Siyasi düzeyde Avrupa’nın çeşitli ülkelerine bombardıman devam ederken, AKP taraftarları da boş durmuyor.
Tokatlı, kefenli tehditler eksik değil.
Türkiye’de “HAYIR” kampanyasına katılanlara nasıl hakaretler ve engellemeler yapılıyorsa, şimdi de Almanya’da mantığı belli olmayan bir sosyal medya saldırısına tanık oluyoruz.
Hiç iyi değil. İyi değil de, ne demek, çok kötü. Türkiye’yi daha da yalnızlaştıran bir eylem.
Buna karşılık Ankara, bu tür eylemlerden bağımsız, kendisini Avrupa’dan ve batının çok önemli kurumlarından uzaklaştırmak, daha da yalnızlaştırmak için elinden geleni yapıyor.
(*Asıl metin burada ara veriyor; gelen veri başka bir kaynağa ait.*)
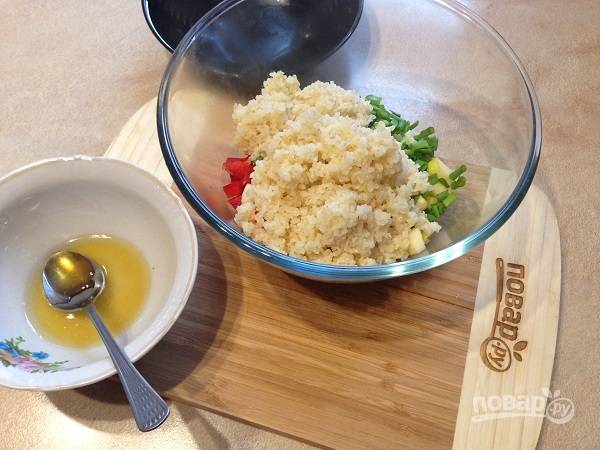 9. Булгур можно добавлять к остальным ингредиентам или горячим, или холодным, решайте сами :) Добавим молотый черный перец и заправку.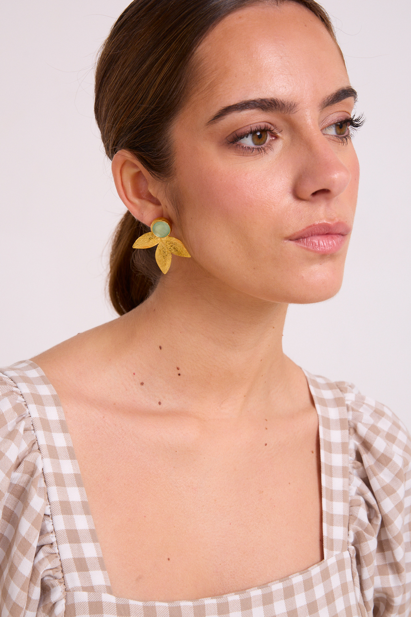 Pendientes en forma de hoja y piedra natural disponibles en varias tonalidades.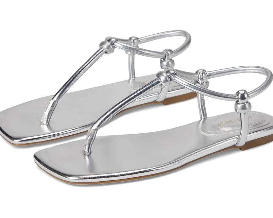 - Complete your look in the Nine West® Nortny sandals. These flat sandals feature a modern square toe shape, knot detailing, and a sleek silhouette. They are made of a faux leather upper and cushioned insole. These slip-on sandals are a must-have wardrobe essential.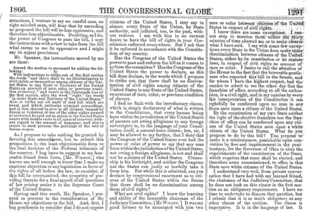 Then, some four years later, on March 9, 1866, less than one year following the end of the Civil War, Bingham rose again on the floor of the House. This time he addressed his assembled colleagues on a Senate bill (S. 61) entitled “An act to protect all persons in the United States in their civil rights and furnish the means of their vindication” forwarded to the House for action. Congressman Bingham again articulated his recognition of the distinction between “citizens” and “natural born citizens” thusly: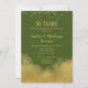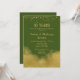 Um convite de aniversário de casamento elegante em Verde Oliva e dourado com poeira de confete dourado no topo e brilho dourado no fundo.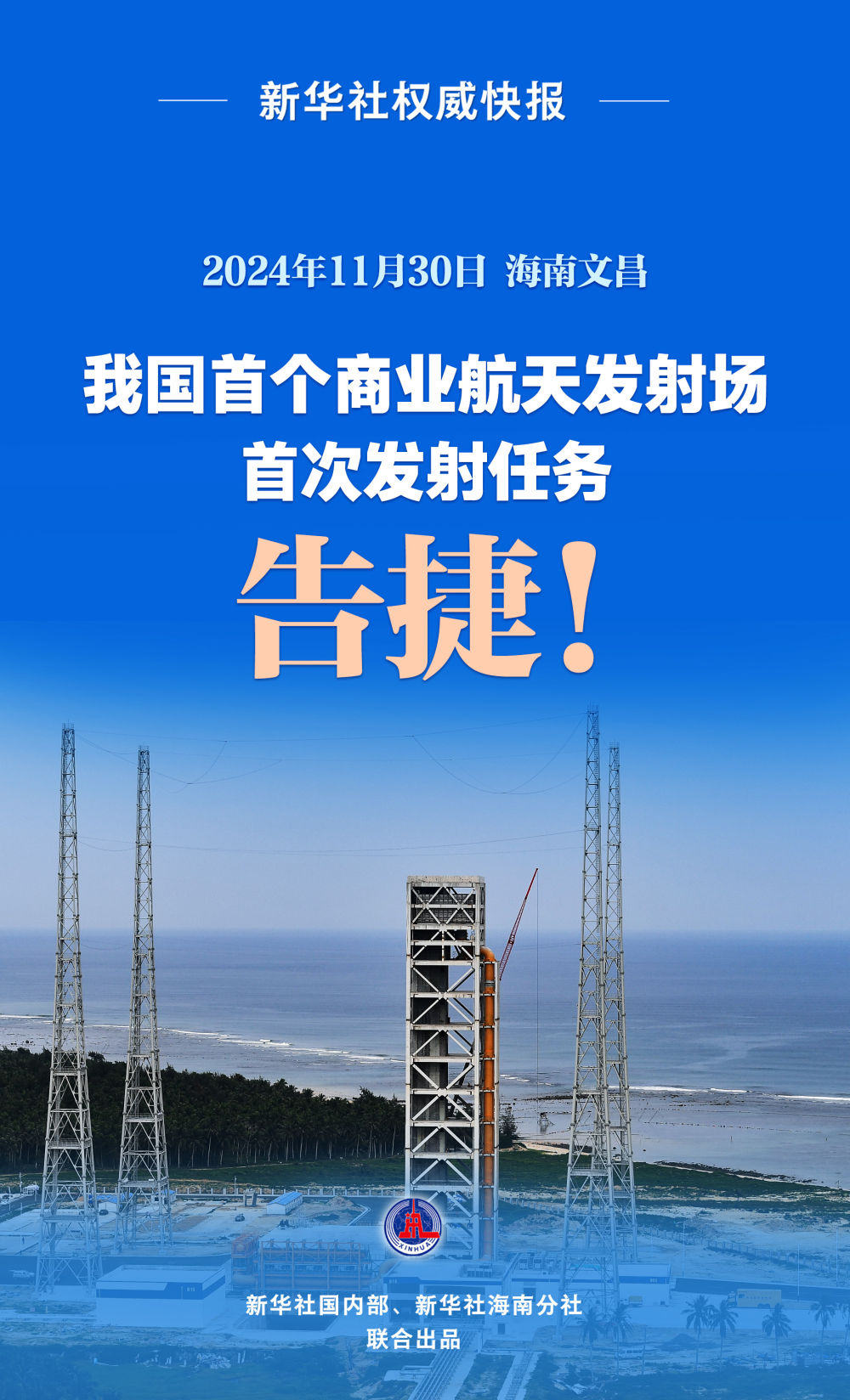 海南商业航天发射场是我国首个商业航天发射场。本次发射在二号发射工位完成,是海南商业航天发射场首次发射任务。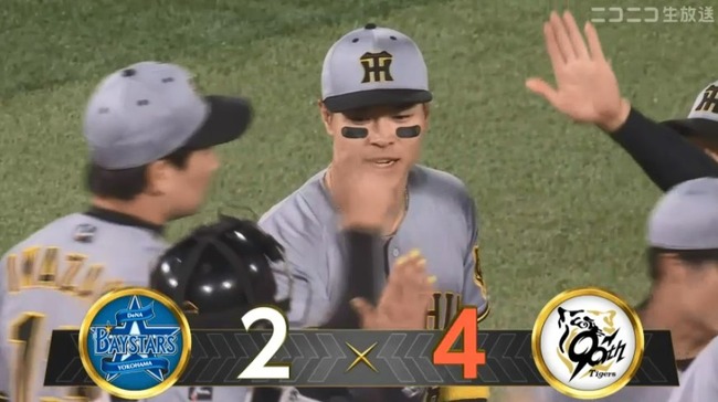 【DeNA対阪神4回戦】阪神、4回に佐藤輝明のタイムリーツーベースでリードを2点に広げる!佐藤は6打席連続安打!!!!!!!!!!!!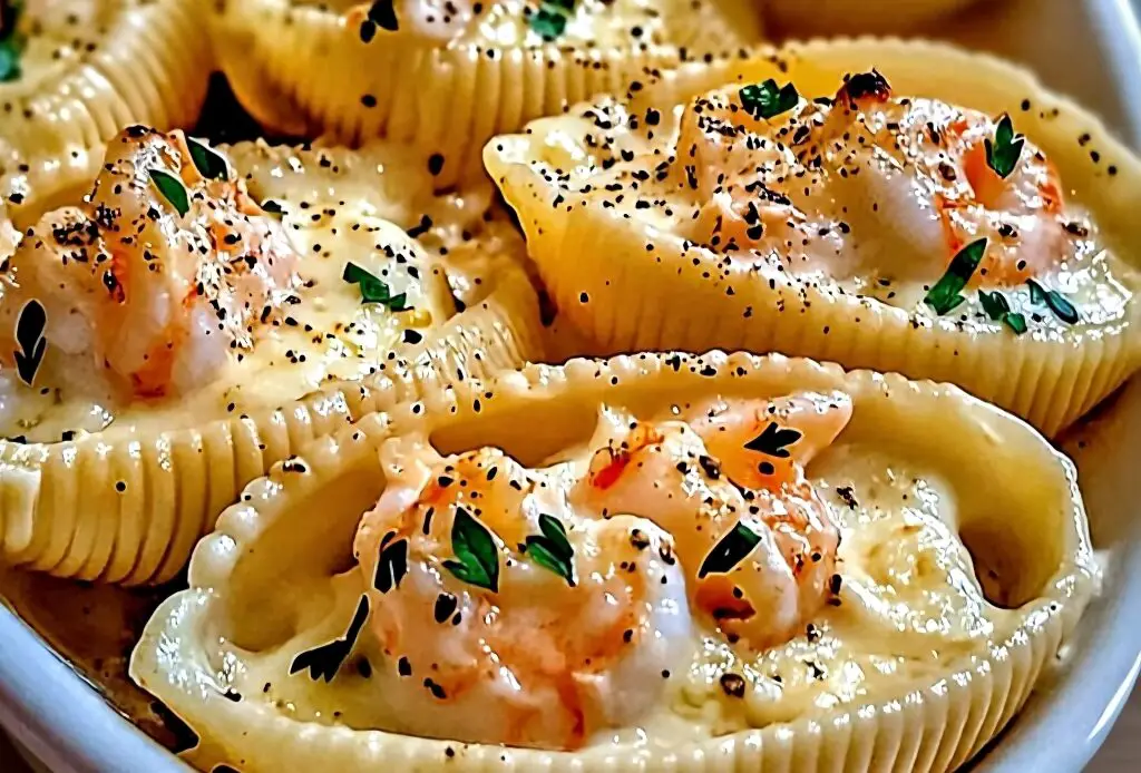 3. **Stuff Shells:** Generously fill each cooked pasta shell with the seafood mixture. Arrange the filled shells snugly, open-side up, in the prepared baking dish.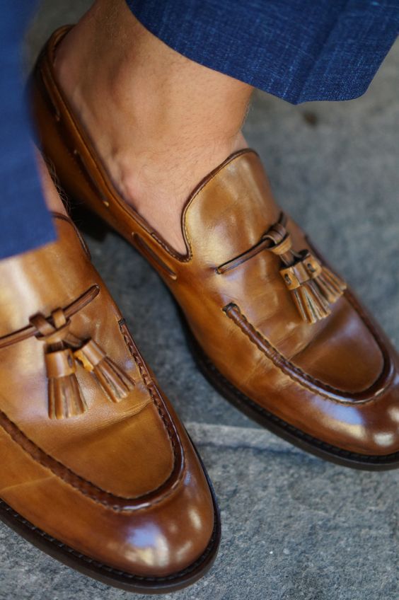 Unique Style Handmade Brown Tassels Loafer Shoes For Adults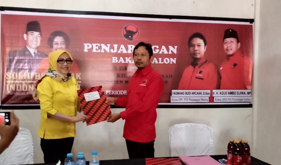 SULBARONLINE. COM, MATENG –Menyusul Haris dan Aras, Hastuti Indriani secara resmi juga telah mengambil formulir pendaftaran bakal calon bupati Mamuju Tengah, di Sekretariat PDI Perjungan Mateng , Sabtu, (14/9).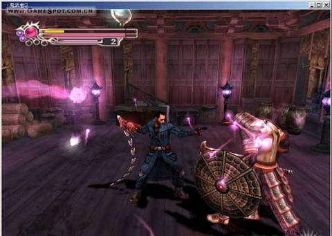 8. 跑到尽头存档,然后开门与山猪BOSS对战:尽量使用雷斩刀的鬼术攻击,利用鬼术后的攻击机会,注意多格挡和吸魂。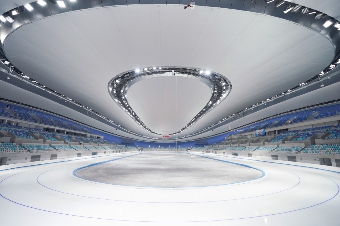 國(guó)家速滑館“冰絲帶”內(nèi)景。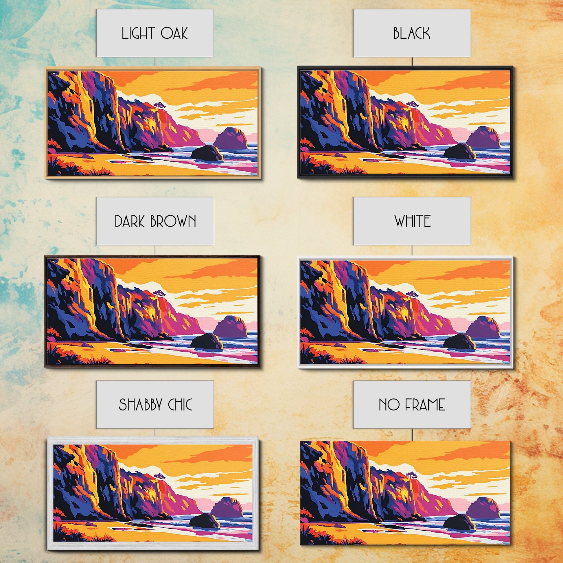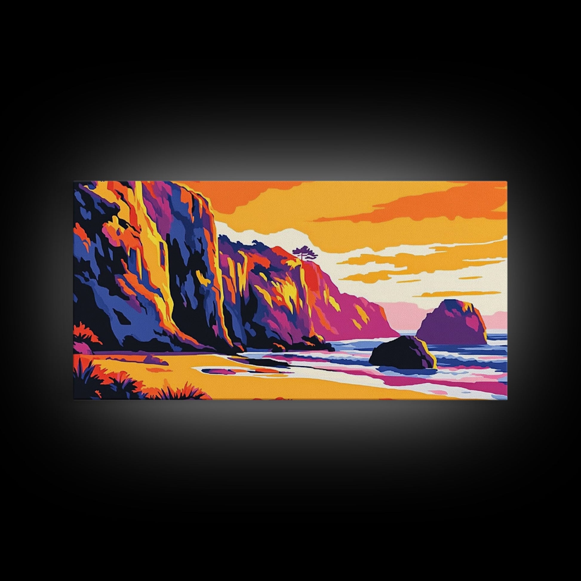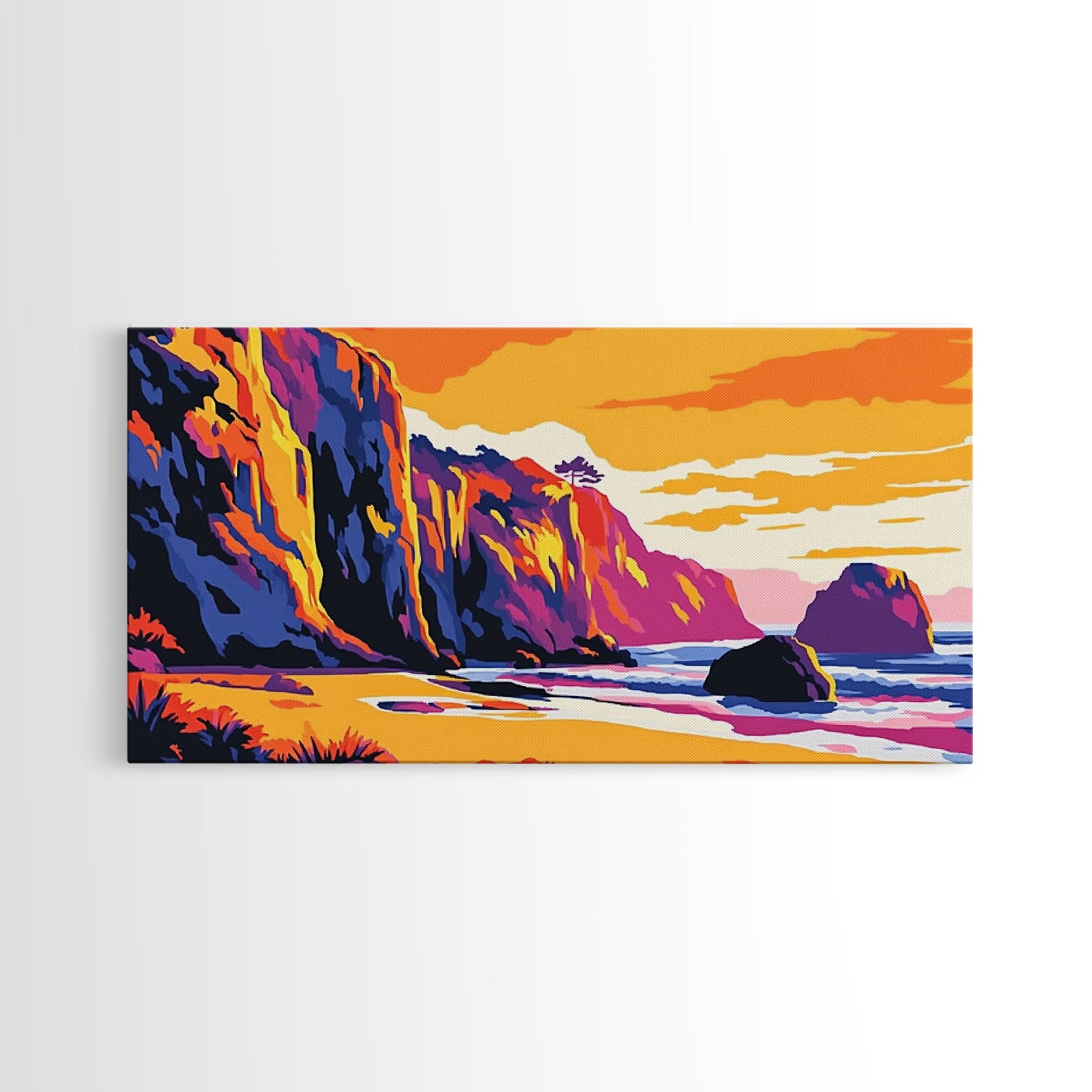 Meeresklippen, Küsten-Sonnenuntergangskunst, Lebendiges Meereslandschaftsgemälde, Strandwanddekoration, Gerahmter Leinwanddruck, Maritime Wohngestaltung, Bürokunst

İzleyebildiğim kadarıyla, henüz bizde medyaya yansımış değil, çok farklı bir olay daha var.
İsveç ve Finlandiya hükümetlerinin mektupları.
Bu iki ülkenin başbakanları NATO Genel Sekreteri Stoltenberg’e mektup gönderiyor iki gün önce:
“Türkiye NATO’da engellemelere başlamıştır. Özellikle Barış İçin Ortaklık Programı'nın etkilendiği engelleme askeri manevralar ile Kosova, Akdeniz ve Afganistan’daki NATO kuvvetlerinin iş yapmasını güçleştirmektedir. Bu böyle devam ederse, uzun dönemde askeri eğitim ve yetiştirme programlarında aksama meydana gelecektir.
"Nitekim, bunun ilk örneği Roma’daki NATO Askeri Akademisinde görülmüş, hiç bir NATO üyesi asker o akademideki eğitim programına katılamamıştır.” (Die Welt, dünkü internet sayfası).
Çok ilginç, şundan ilginç:
Türkiye ile Avrupa’nın çeşitli ülkeleri arasında beş gündür tırmanan gerilimde karşılıklı siyasi yaptırımlar ve örneğin bizim taraftan göç anlaşmasının gözden geçirilmesi, onların tarafından mali yardımın askıya alınması gibi tehditler birbirini izlerken, NATO’nun “N’si” bile söz konusu edilmiyor. Ne bizim, ne onların tarafından.
Ancak, ortada iki ülkenin NATO Genel Sekreteri'ne, özetini aktardığım, gönderdiği mektup var.
Ankara’nın bu iddiaya açıklık getirmesi gerekiyor.
Yoksa, bu NATO işi son tırmanmadan önceki döneme mi ait? Ancak, Die Welt’teki haber şu anda yaşanmakta olan bunalımla bağlantılı veriliyor.
Yine de, aslı astarı ne?
Tırmanan gerilim daha çok ikili ilişkiler ile AB çerçevesinde gelişiyor. Bunalıma bir de, iddia edildiği gibi, NATO eklenirse, bu yavaş yavaş ekonomik ilişkilere sıçramak eğilimi gösterebilir ki, bu bizim için tam felaket olur.
Ne referandum temizler, ne başkanlık.
Haydi Ankara, nedir şu NATO meselesi, anlat bize ve onlara.